Dad went to considerable expense to install an electric gate opener powered by a lead-acid battery kept up by a solar panel, which works just like a suburban garage door opener. Very convenient, in use, but expensive to install and with considerable maintenance troubles associated with the battery and the solar panel and the motor and the mechanics. My brother, on the other hand, opted for the minimal solution and has no opener at all. When he leaves in the morning and when he gets home at night, he has to stop at the gate, get out of the car, open the gate, drive through it, stop again, get out again, close the gate, and get back in the car before continuing on his way. A low-cost solution with basically zero maintenance, but he pays for it with inconvenience.

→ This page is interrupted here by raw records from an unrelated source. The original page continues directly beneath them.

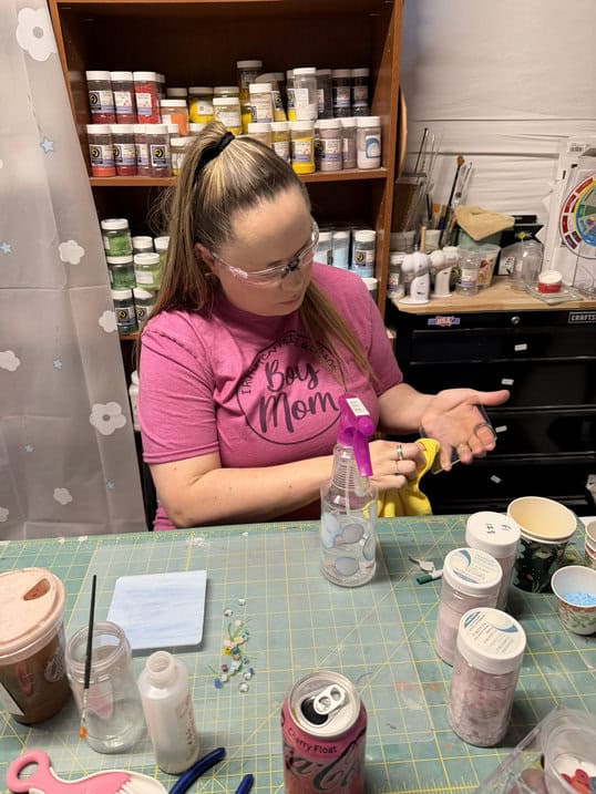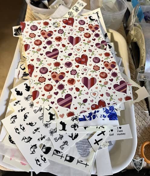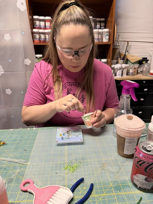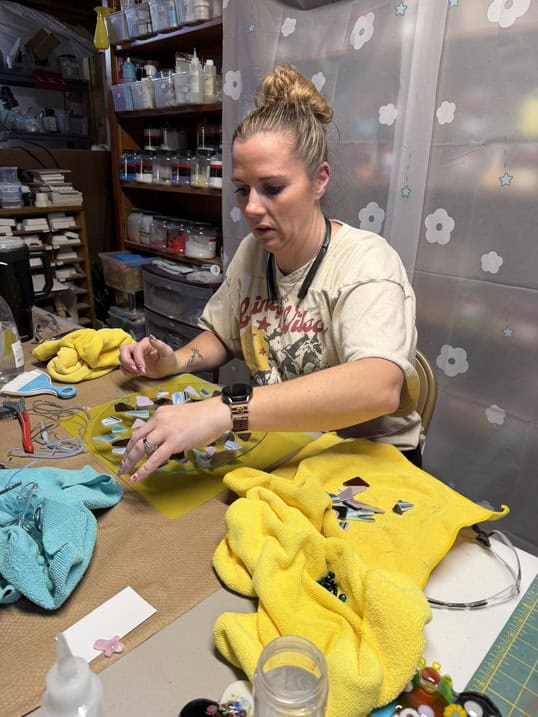 Before wrapping up, all three students — Kendra, Nicki, and Erin— took advantage of one more creative opportunity. Occasionally, I offer students the chance to make a smaller fused glass piece — a pendant, magnet, or keychain — using my cabochons and decals. It’s such a fun option because it allows them to experiment with imagery and layering on a smaller scale. Each of them created beautiful pendants, and it was so fun to watch their personalities come through in those tiny pieces. There’s something especially satisfying about working small. You focus more on detail, composition, and that perfect little “pop” that makes the design shine. I loved watching them sort through the cabochons and decals, holding different combinations up to the light and deciding what spoke to them. Those quiet, thoughtful moments are just as rewarding as seeing the finished pieces come out of the kiln. Kendra made a Key Chain, Nicki made a magnet, and Erin made a car pendant. And truly, every single one turned out beautifully.
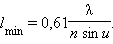 Угол 2u называют аппретурным углом, а произведение n*sinu – числовой апертурой. У хороших объективов угол u близок к теоретическому пределу u=/2. Полагая для примера показатель преломления иммерсионной жидкости n = 1,5, получим оценку: l>min>=0,4.
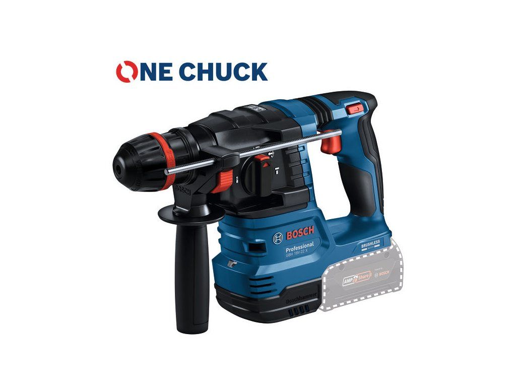 Akumulátorové vrtací kladivo s ONECHUCK GBH 18V-22 X, GBH 18V-22 X Professional je nabité silou a funkcemi, které vrtání povýší na novou úroveň, s mimořádnou efektivitou, bezpečností a kontrolou. Plně nabitý akumulátor zvládne více děr a silný bezuhlíkový 18V motor Bosch v kombinaci s konstantní rychlostí zajišťuje stabilní výkon. Vyznačuje se zvýšenou ochranou uživatele vůči náhodným zásekům a menším působením vibrací díky funkcím KickBack Control a Vibration Control. Přispívá rovněž k bezprašnému pracovnímu prostředí díky odsávacímu nástavci Auto Power GDE 18V-12 / GDE 12. Vybaveno sklíčidlem ONECHUCK, jediným, do kterého pasují jak vrtáky SDS plus, tak i vrtáky s válcovou a šestihrannou stopkou pro širokou škálu aplikací GBH 18V-22 X Professional je výkonný silák své třídy na vrtání s příklepem a sekání do betonu a cihel i vrtání do dřeva a oceli díky funkci ONECHUCK. Přináší zjednodušený a mnohem efektivnější postup práce s konstantní rychlostí, minimálními vibracemi a bezprašným pracovním prostředím. Kartonový box; Hloubkový doraz (1 613 001 009); Přídavná rukojeť (1 619 P16 971)Doplňkové parametry
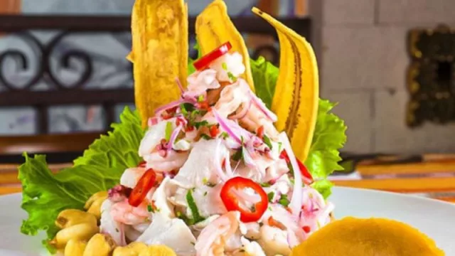 Ceviche: This iconic dish is made with fresh raw fish that is marinated in lime juice and served with onions, chili peppers, and cilantro. It's typically served with sweet potato, corn, and lettuce.
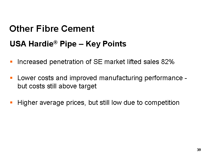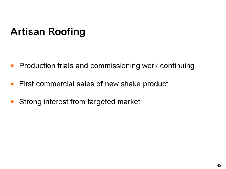 The first commercial sales of our new generation of fibre cement roofing products were made during the quarter, and production trials and commissioning work at the pilot plant in California are continuing.
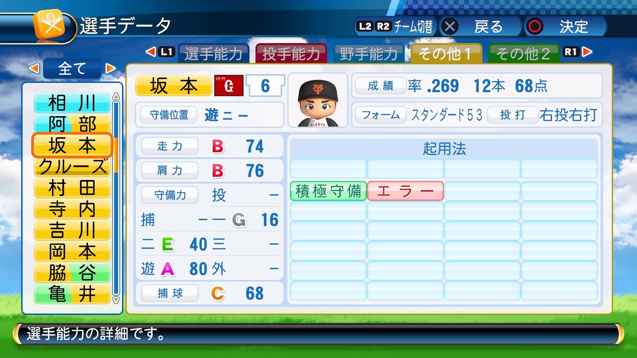坂本 599.0イニング 併殺-0.5 守備範囲 2.8 失策 1.2 UZR 3.5 UZR/1200 7.0
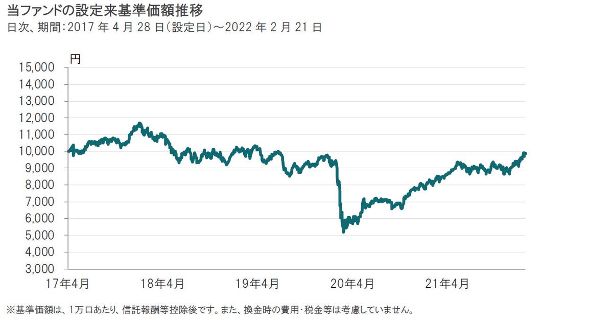 足元の株式市場を取り巻く投資環境は、米国をはじめとした主要国の金融政策引き締め加速観測や、ウクライナ情勢の緊迫化など不安定要素が多くあります。2022年年初来の世界の株式市場は、これまで好調なパフォーマンスを示してきた成長株を中心に大きく下落となっています。一方、当ファンドのパフォーマンスは、2022年年初来、相対的に堅調なパフォーマンスを示しています。
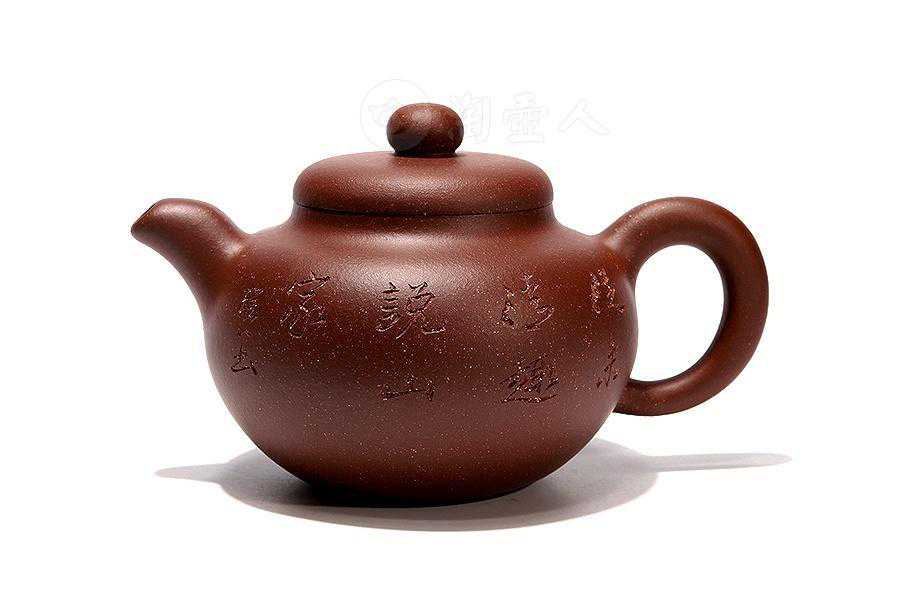 此款《题诗壶》壶身浑圆比例精准,壶正面腹部刻行书“挹彼甘泉,清泠注兹;先春露芽,一枪一旗;烹以兽炭,活火为宜;素瓯作配,斟斯酌斯”。
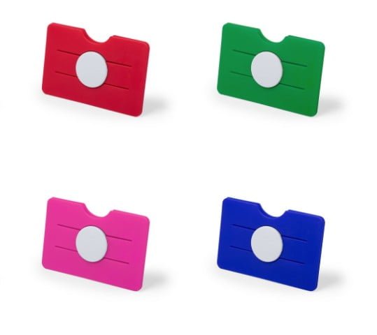 Tarjetero con sporte para smartphone. En materiales ABS y silicona, con adhesivo 3M, de fijación extra fuerte y libre de residuos al despegarlo del dispositivo.
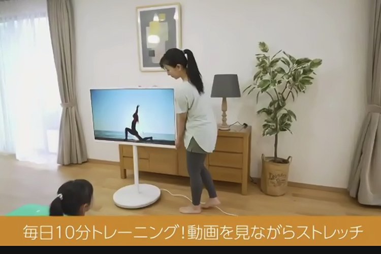 “レイアウトフリーテレビ”「TH-43LF1」は設置場所を固定せずに利用できるため、家族で食事をする際にダイニングで、休日に動画を見ながら運動する際は広いリビングで、と自由に使うことができる。また背面デザインにもこだわれており、シンプルでフラットなデザインは、掃除もしやすく魅力の一つでもあると説明する。
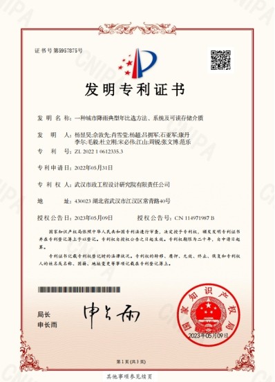 最終,項(xiàng)目組梳理了降雨典型年比選的方法,并申報(bào)獲批了國(guó)家發(fā)明專(zhuān)利。
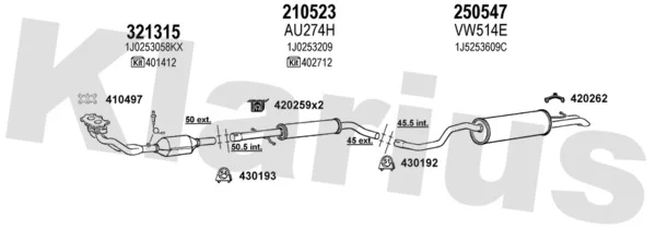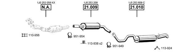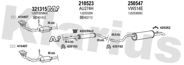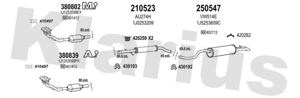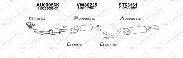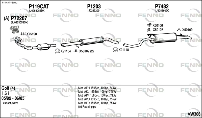 VW GOLF IV Variant (1J5) 1.6 - Výfukový systém - kompletní od 5/1999 do 4/2002, 1595 ccm, 74 kW, 101 hp, AEH, AKL, APF, kombi
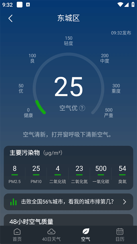 4、空气页面展示了详细的空气指标,让您更加了解您所在位置的空气质量;
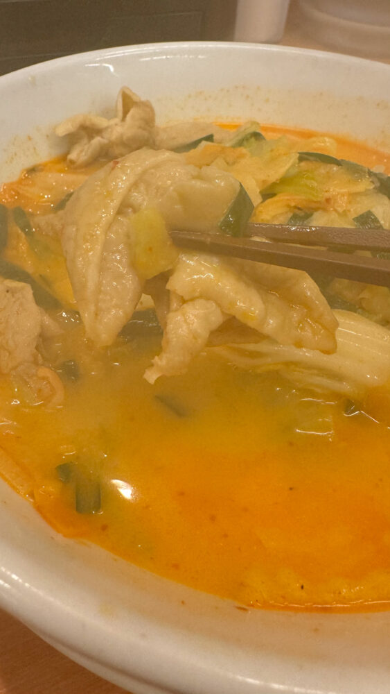 ▲モツは、弾力強めでピリ辛なスープに合いますね。たっぷりあるので食べ応えもバッチリ。
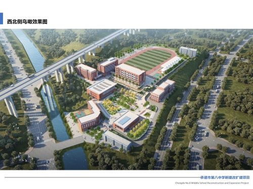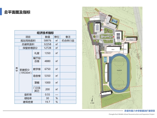 承德市第八中学位于双桥区大石庙镇,用地面积58975.55平方米。因学校部分建筑、设备管线等严重老化,存在安全隐患,而且教学用房及宿舍等使用面积不足,严重不达标。现拟进行改扩建:规划保留并加固现状艺术楼、综合楼和六层学生公寓楼;拆除教学楼、餐厅、四层学生宿舍楼和教工宿舍,拆除总建筑面积8972平方米;新建礼堂、餐厅综合楼、教学楼、宿舍楼、体育场看台等,新建总建筑面积19530平方米。详细内容见公示图纸。
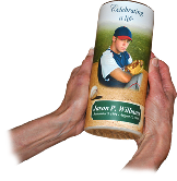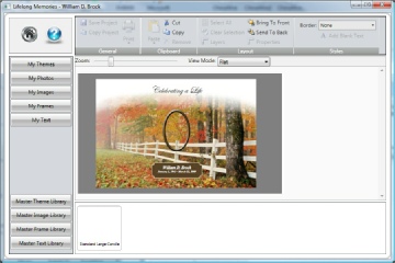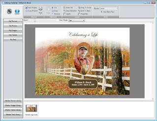 This is the main project creation screen for the Standard Large candle. You will notice that Lifelong Publisher will automatically place name and date information into the project. This information was used from your data entry screen. With Lifelong Publisher you have the ability to make any changes that you would like with your project. Each element can be sized, move or rotated or even deleted. To edit any text items contained within your project you can simply place your mouse pointer on top of the text and double click your left mouse button. For this tutorial double click on the name information.
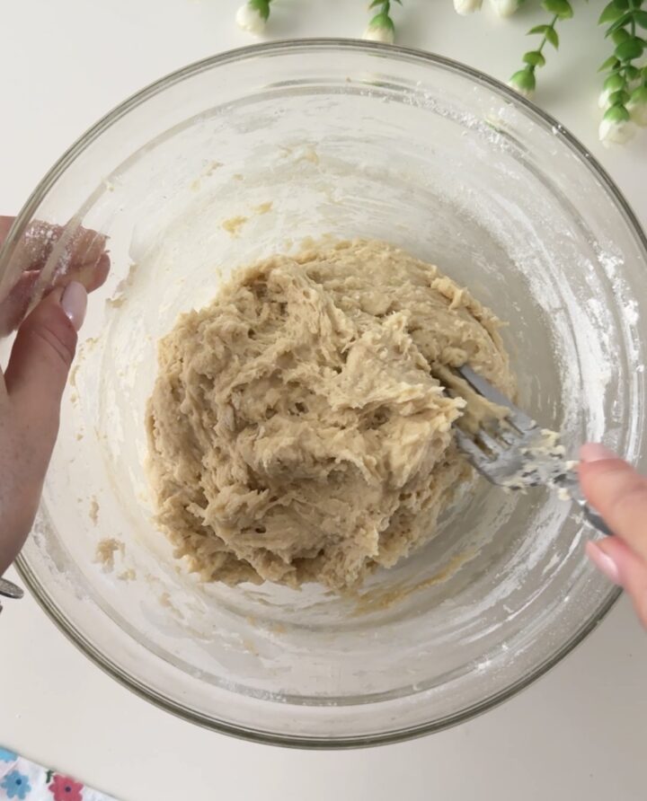 Aggiungete la farina, la scorza grattugiata di limone, il lievito di birra sciolto nel latte tiepido e fate amalgamare tutti gli ingredienti, sempre con la forchetta, non preoccupatevi se l’impasto non risulterà perfettamente omogeneo, deve essere così.
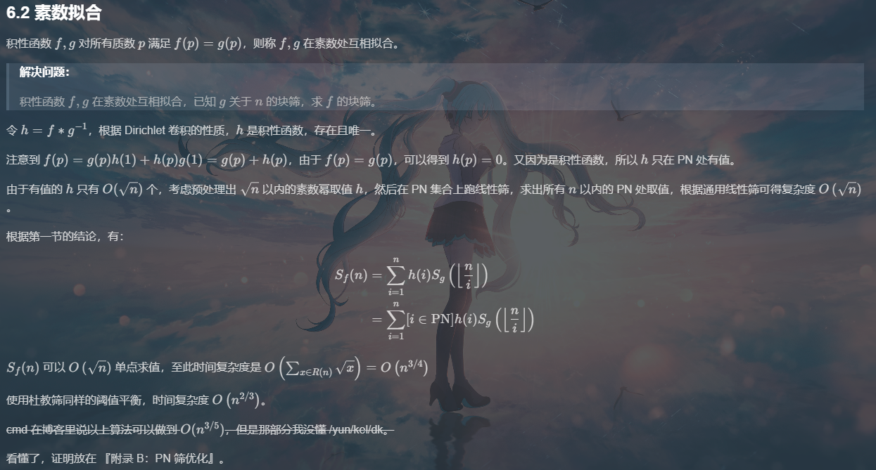 若预处理 f * g 在所有 [1,B] 处的函数值(B \ge \sqrt n ),则仅需对 x > B 的部分使用双曲法,复杂度为 O\left(B + \sum_{x \in R(n), x > B}\right) = O(B + \frac{n}{\sqrt B}) ,取 B = n^{2 / 3} 平衡得到 O(n^{2 / 3}) 。
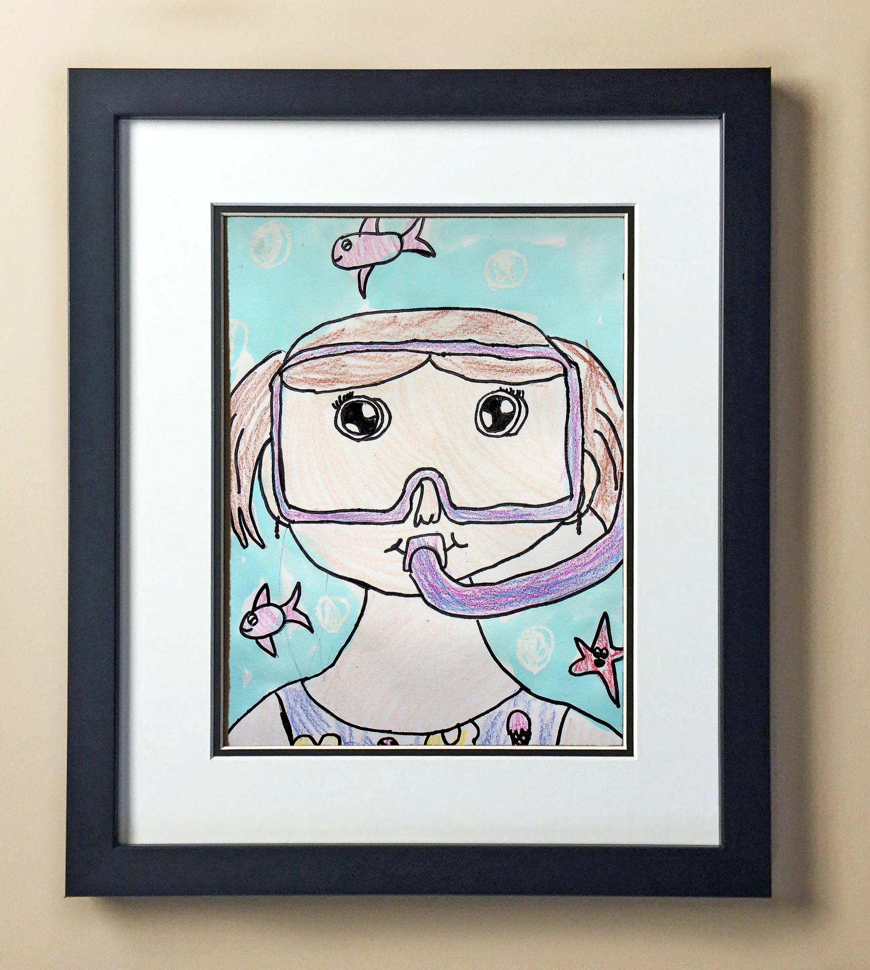 Included with the purchase is the Students Artwork, Frame, double matboard, shatter proof plexiglass, and a ready to hang backerboard with turnbuttons
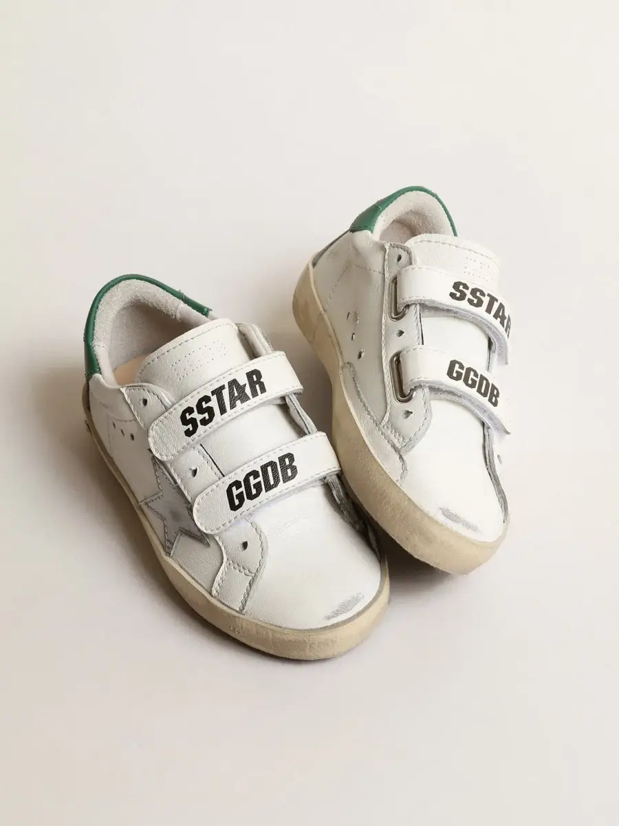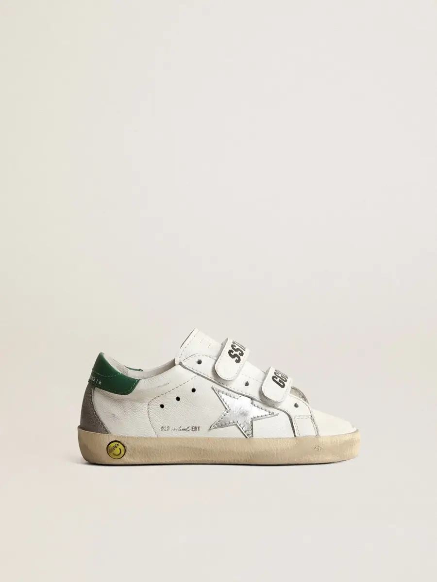 Nuestras zapatillas Old School cuentan con dos tiras de velcro en la parte delantera con el logotipo en contraste. La versión Young de este modelo en piel napa blanca cuenta con una estrella de piel metalizada plateada y una lengüeta verde en el talón. La inserción de ante gris en la parte trasera y el detalle de la sonrisa en el ribete completan el look.
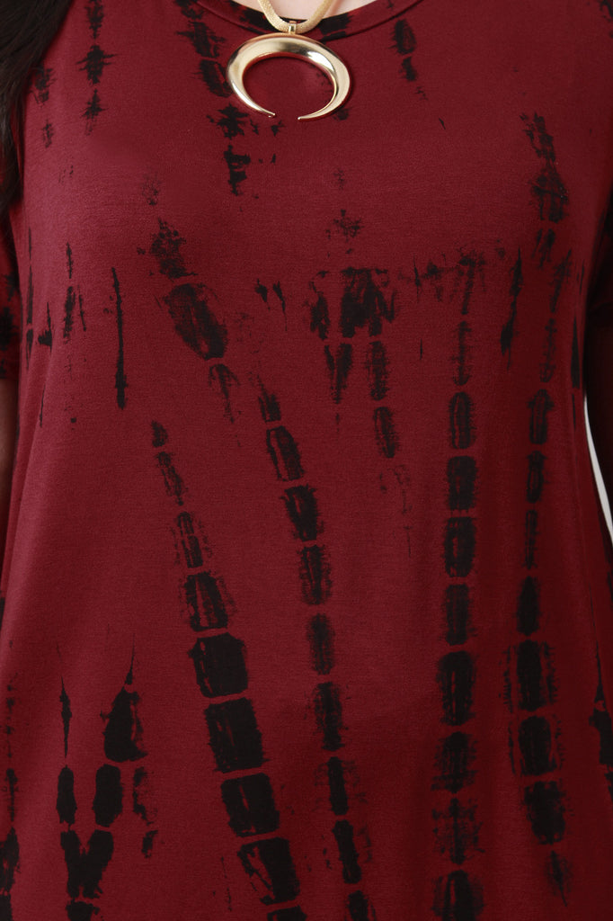 Tie Dye Curved Hem Short Sleeves Tunic Midi Dress

Personally, I’ve always thought an intermediate solution would suit them both better–something purely mechanical, that would be cheaper and hardier than the radioservomechanical rig my Dad installed, and yet considerably more convenient than the get-out-and-do-it-yourself approach my brother has taken. Then last weekend I was browsing a use bookstore and happened upon a copy of George A. Martin’s Fences, Gates, and Bridges and How to Build Them, first published in 1900. It included the diagram shown above, with the accompanying explanation:
Figure 204 shows a gate balanced in a similar manner, and arranged so it can be opened by a person desiring to drive through, without leaving the vehicle. It is suspended by ropes which pass over pulleys near the top of long posts, and counterpoised by weights upon the other ends of the ropes. Small wheels are placed in the ends of the gate to move along the inside of the posts, and thus reduce the friction. The gate is raised by means of ropes attached to the center of the upper side of the gate, from which they pass up to pulleys in the center of the archway, and then out along horizontal arms at right angles to the bars which connect the tops of the posts. By pulling on the rope, the gate, which is but a trifle heavier than the balancing weights, is raised, and after the vehicle has passed, the gate falls of itself. In passing in the opposite direction, another rope is pulled, when the gate is raised as before.
Googling around reveals, of course, that nobody is selling any such device, that I can find, so if one wanted one it would have to be a custom job. I wonder about the possibility of a system that uses the weight of the vehicle to trip the mechanism instead of a rope. Anybody seen a purely mechanical gate opener in real life?